Automatically Verifying Velero Kubernetes Backups

Originally written on 26 October 2020

So you’ve gone and set up Kubernetes backups… Nice one. You’ve probably used Velero if you haven’t used something native to your cloud provider. Velero is a solid tool, admittedly with a few quirks, but it gets the job done and can be relied upon. But how can you be certain the backups worked? You could manually restore every now and then, but that’s not very DevOpsy.. plus it’s really boring. Here’s how I did it.

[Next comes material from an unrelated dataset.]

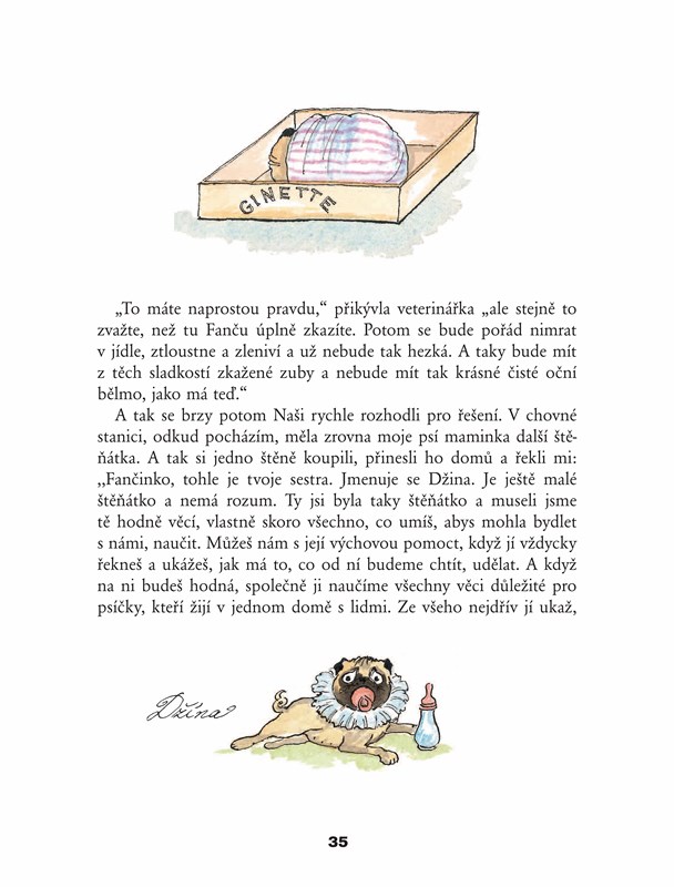 Jmenuji se Fanča a jsem stará, moudrá psice mopsice. Jsme tři holky, dvě mopsí a jedna kočičí – perská kočka, a všechny žijeme s Naší ve starém domě u řeky, kde se říká „na náplavce“, blízko ještě staršího mostu. Všeho, co se děje kolem nás, si bedlivě všímám a zapisuji si to za svoje černá ouška. Budu vám vyprávět, jak to u nás na Malé Straně, v našem domě a na náplavce, chodí v zimě. To byste koukali, co se tam všechno může stát!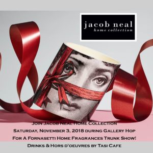 Jacob Neal Home Collection will feature Italian artist Pierro Fornasetti with a Fornasetti Home Fragrances Trunk Show. Drinks and hors d’oeuvres will be provided by Tasi Cafe. The event is free and open to the public.

First, I created a namespace called “backup-canary” and deployed a simple deployment containing an nginx pod with a service. This pod has a 1GB Persistent Volume mounted at /usr/share/nginx/html.

I then manually wrote a small index.html file inside the volume, containing a known phrase:

# Get the name of the pod
kubectl -n backup-canary get pods -l=app=backup-canary -o jsonpath='{.items[-1:].metadata.name}'

# Write to the index.html file
kubectl exec -n backup-canary -it ${podName} -- bash -c "echo hello-world > /usr/share/nginx/html/index.html" y

If we were to put an ingress on the service (or did magic kubectl port forwarding), we would see a web page with “hello-world” emblazened on it.

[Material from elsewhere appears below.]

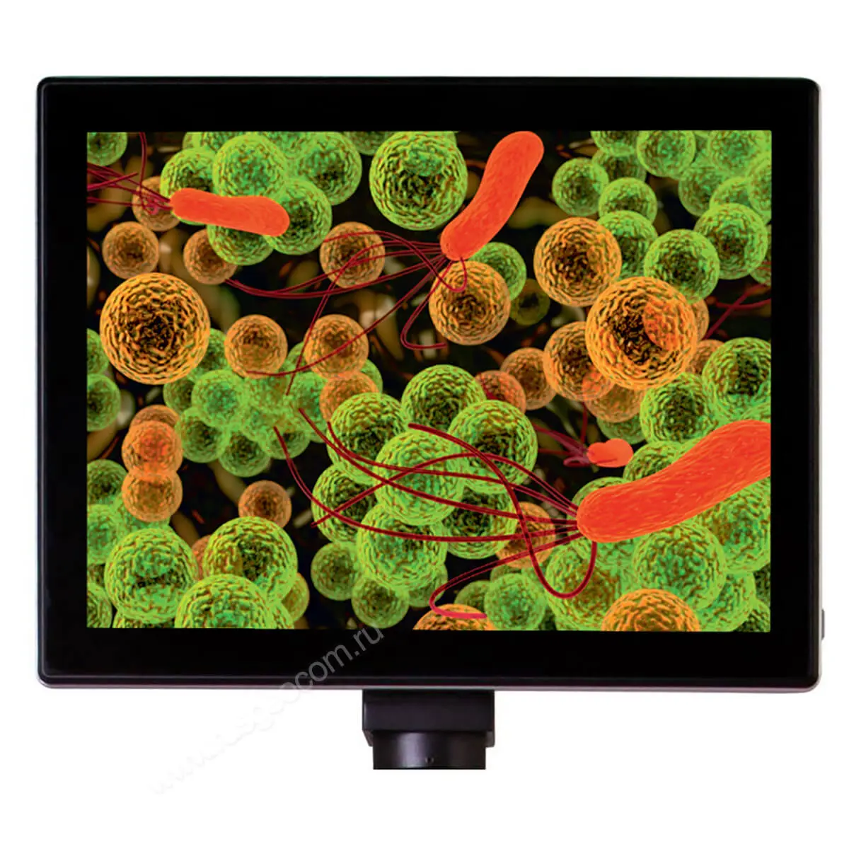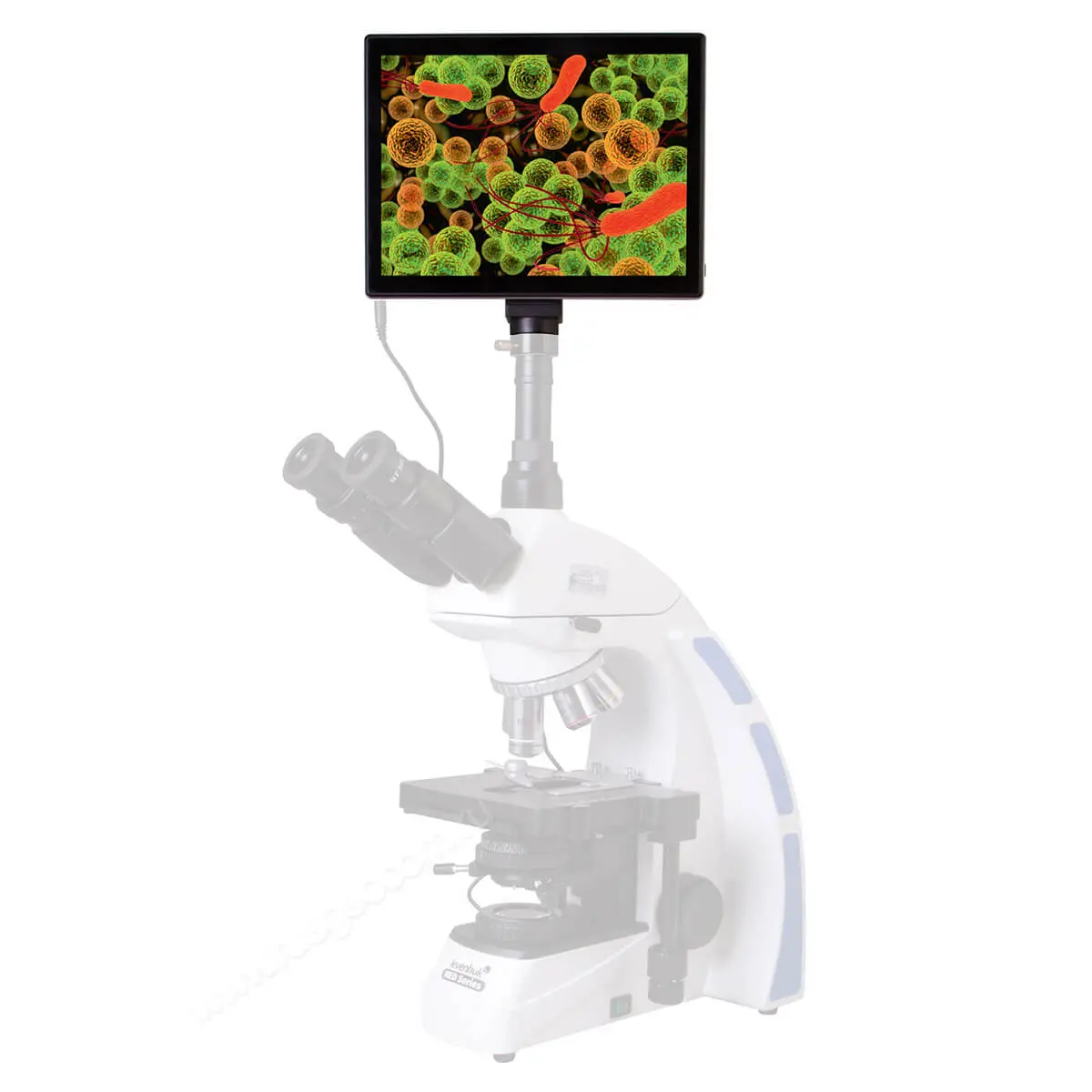 Перед вами цифровая камера с цветным сенсорным экраном, который работает на Android. По сути – это компьютер, который показывает изображение с объектива микроскопа, позволяет записывать видеоролики, снимать фотографии и сохранять их во внутренней памяти или на внешних носителях данных. И управлять этим компьютером можно всего одним касанием. Цифровая камера Levenhuk MED – это полноценная система визуализации, делающая работу в лаборатории наиболее продуктивной. Так как ход исследований показывается прямо на экране, нет нужды постоянно смотреть в окуляры – глаза смогут отдохнуть от непрерывной работы.

I then allowed Velero to back this all up.

I chose to create a Jenkins job to then perform the restore test. Any CI tool should be up for the job, or you could do this natively in Kubernetes, but I wanted an outside tool to do the hard work.

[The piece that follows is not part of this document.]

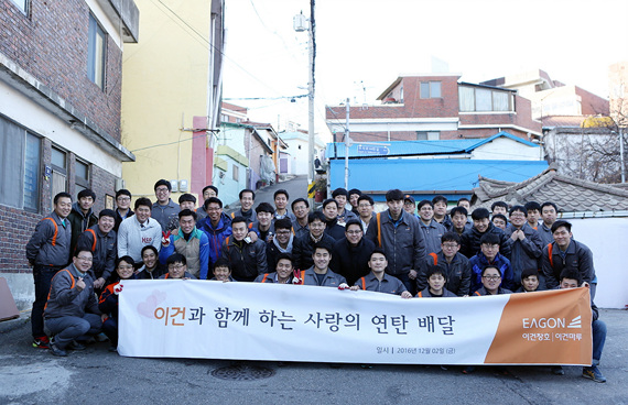 ‘사랑의 연탄 배달’은 이건 관계사가 지역사회에 책임과 역할을 다하기 위해 2009년부터 7년 넘게 이어 오고 있는 나눔 활동이다. 동절기 한파를 대비해 주거 시설이 절대적으로 취약한 쪽방촌 주민이나 독거노인, 영세가정, 장애인 등 지역 소외 이웃들에게 연탄을 지원해 왔으며, 올해까지 전달한 연탄의 누적 장 수만 해도 4만여 장에 이른다.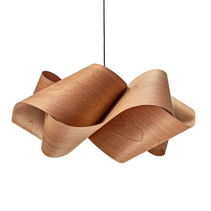 Swirl pendellampe - organisk buet form i trefinér Swirl pendellampe er utformet som en virvel av sammenflettede bånd i trefinér. Når armaturen slås på, blir treets fine årer enda tydeligere, og de presise konturene skaper et spennende spill av lys og skygge. Med sin sjelfulle karakter og tilstedeværelse vekker Swirl-pendellampen øyeblikkelig oppmerksomhet og er et naturlig innslag i ulike interiørkonsepter. Swirl er designet av Ray Power og er et godt eksempel på den irske designerens tilnærming til å skape tredimensjonale former av tynne lag. Trefinéret er formet til sin tynne, elastiske og overskridende form ved hjelp av Timberlite®-prosessen hos produsenten LZF-Lamps. Swirl-pendellampen har allerede blitt tildelt Good Design Award i Chicago og German Design Award Special i 2017 - med tre fra bærekraftig, miljøvennlig skogbruk (FSC®-sertifisert)

Firstly I created a simple kubectl + velero CLI container:

FROM dtzar/helm-kubectl:3.3.4
RUN wget -nv -O /tmp/velero.tar.gz https://github.com/vmware-tanzu/velero/releases/download/v1.5.2/velero-v1.5.2-linux-amd64.tar.gz \
    && tar -xvf /tmp/velero.tar.gz --directory /tmp/ \
    && mv /tmp/velero-v1.5.2-linux-amd64/velero/ /usr/local/bin/ \
    && rm -rf /tmp/velero.*

Then I wrote a simple Jenkins pipline to perform the following steps:

Read the contents of the current index.html file and store as a variable.
Delete the “backup-canary” namespace.*
Find out the name of the latest successful backup.
Restore this backup to a new namespace (“restore-canary”).
Test that the restored file matches what we expected.**
Assuming we are successful, I then delete the restored namespace.
Restore the backup-canary namespace and deployment.
Write a new phrase (I use a phrase containing the jenkins job build ID) to the index.html to be backed up next time.

Velero will not restore a file, (even to a different namespace) if the original remains.

** I test this by using kubectl to connect to the restored pod, and then perform a curl against the service to get the value. This has the benefit of not just testing that the PV restored successfully, but also the pod and service restored well enough that the webserver is accessible.

The jenkins job is then set to run regularly. Velero can produce Prometheus metrics if you set it up to do so, so restores (successes and failures) are recorded on a Grafana dashboard. If restores fail, a Prometheus alert is triggered and I can resolve the problem before I really need the backup.